The next day is spent sailing, where Light Blue Joe -- who made a booze-fueled verbal spectacle of himself the night before -- blows his chance at redemption by telling Hayley he's been searching for his soulmate since the age of four.
Hayley says she's a little disappointed by the day and that she's having a tough time getting a read on most of the guys. Possibly because, you know, they're wearing masks.
Yet the previous hijinks look like Sunday school compared to the next night's luau. (And by the way, props to the producers for making sure each guy's wardrobe coordinates with his mask color. You know the guys wouldn't have done that on their own.)

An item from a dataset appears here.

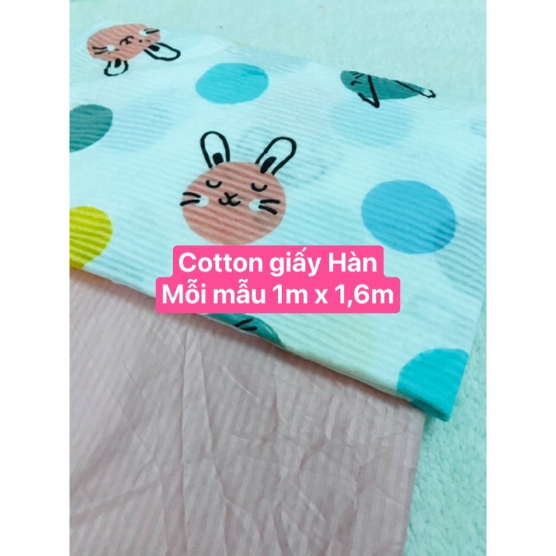 - 1m x 1,6m thun coton giấy Hàn hoạ tiết thỏ nền trắng

For starters, Light Green Stan unmasks himself at the start of the party. No one, Stan included, seems all that upset with his decision to bail. Had he stuck around, though, he might have at least gotten a lap dance from one of the hula girls.
That's what happens with Bronze Pete, who happily indulges a pneumatic blonde's offer of a little bump and grind. Blue Brian goes even further, taking a hula girl upstairs to show her his bedroom.
On the closed caption while they're behind closed doors, we hear Brian say he came here just to meet Hayley, to which the dancer replies "I don't think she's that great." Brian asks why, and she says "I'm better. I can show you."
The home viewer is then treated to some "Joe Millionaire"-style captioning, including "Mmmm." and "(zip)." On camera, Brian insists nothing happened, while the dancer says "We fooled around a little bit" and "Did I [bleeped word rhyming with snow] him? That's between him and I."
It's at this point -- after a break, but still -- that host Monica Lewinsky re-enters, taking Hayley into the deliberation room, which features a row of busts with each guy's colored mask and a bank of video monitors. Monica shows Hayley what Pete and Brian did, and she is suitably speechless.
She confronts the two guys, playing coy and saying "a couple of guys" told her about what went on while she was away from the luau (where was she, by the way?). Knowing they're caught, they try, pretty unsuccessfully, to talk their way out of the situation.
On to the unmasking ceremony, where Brian jumps up before Hayley can say anything and unmasks himself, managing to diss other guys who are "pining after [Hayley] like little schoolgirls." Monica puts him in his place, saying he was going home anyway and he should've been a man about it and let Hayley make her choices.
She ends up choosing Red Michael (despite his flameout in the "dark room" ), Purple Jim, Orange Peyton, Yellow Ted and Silver Will. And, faced with a final choice between Needy Light Blue Joe, Lap-Dance Bronze Pete and Kreskin Green Chris, chooses Chris, who managed not to embarrass himself further after the peeping-tom incident.